═══ Given material

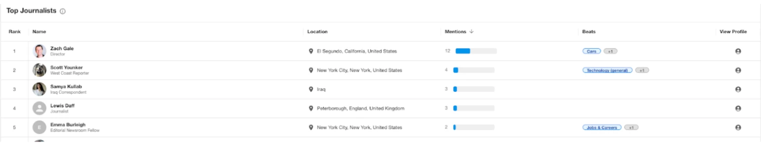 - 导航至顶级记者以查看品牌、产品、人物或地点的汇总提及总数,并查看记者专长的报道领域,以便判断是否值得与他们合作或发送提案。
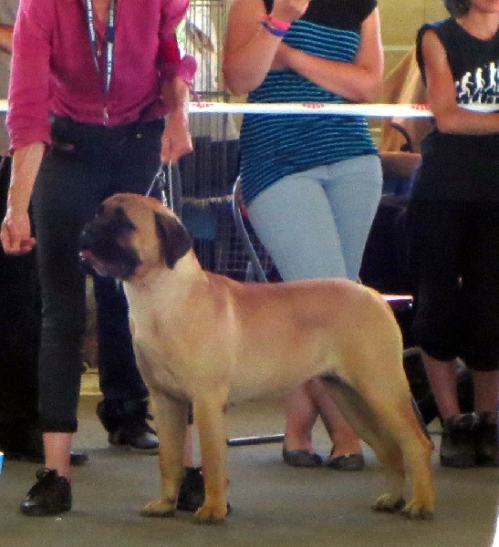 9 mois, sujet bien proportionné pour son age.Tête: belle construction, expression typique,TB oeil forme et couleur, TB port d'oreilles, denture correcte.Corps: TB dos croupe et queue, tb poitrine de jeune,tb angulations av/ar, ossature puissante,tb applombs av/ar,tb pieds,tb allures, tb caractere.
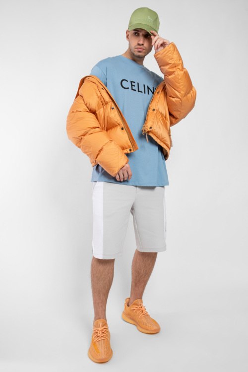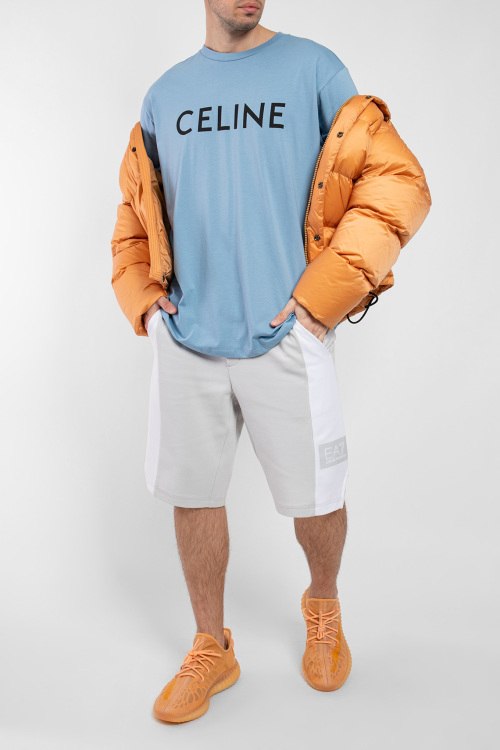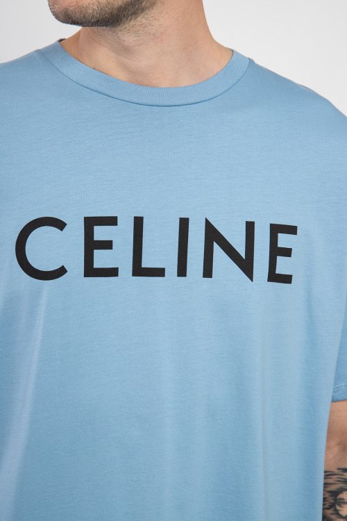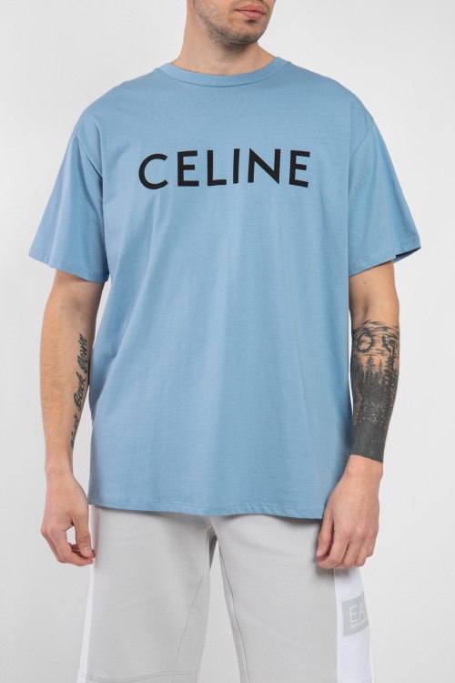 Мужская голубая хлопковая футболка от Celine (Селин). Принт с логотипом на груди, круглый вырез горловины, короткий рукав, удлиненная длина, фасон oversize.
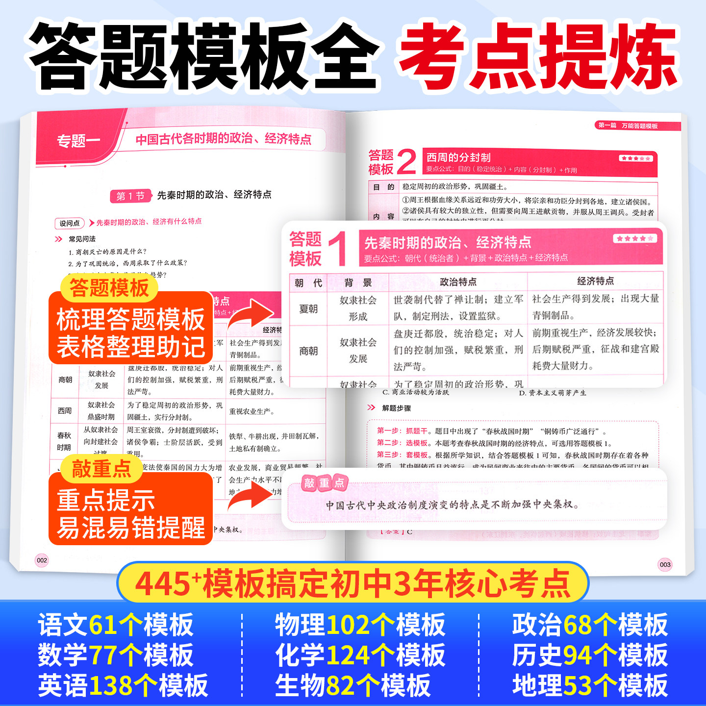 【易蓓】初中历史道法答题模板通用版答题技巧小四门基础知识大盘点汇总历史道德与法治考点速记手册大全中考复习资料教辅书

══════

▶ [What to do]:
Please write out, word for word, each line from the one with "Мужская голубая хлопковая" to the last line of the data, keeping both ends and omitting pictures.

▶ [Result of the task]:
 Мужская голубая хлопковая футболка от Celine (Селин). Принт с логотипом на груди, круглый вырез горловины, короткий рукав, удлиненная длина, фасон oversize.
 【易蓓】初中历史道法答题模板通用版答题技巧小四门基础知识大盘点汇总历史道德与法治考点速记手册大全中考复习资料教辅书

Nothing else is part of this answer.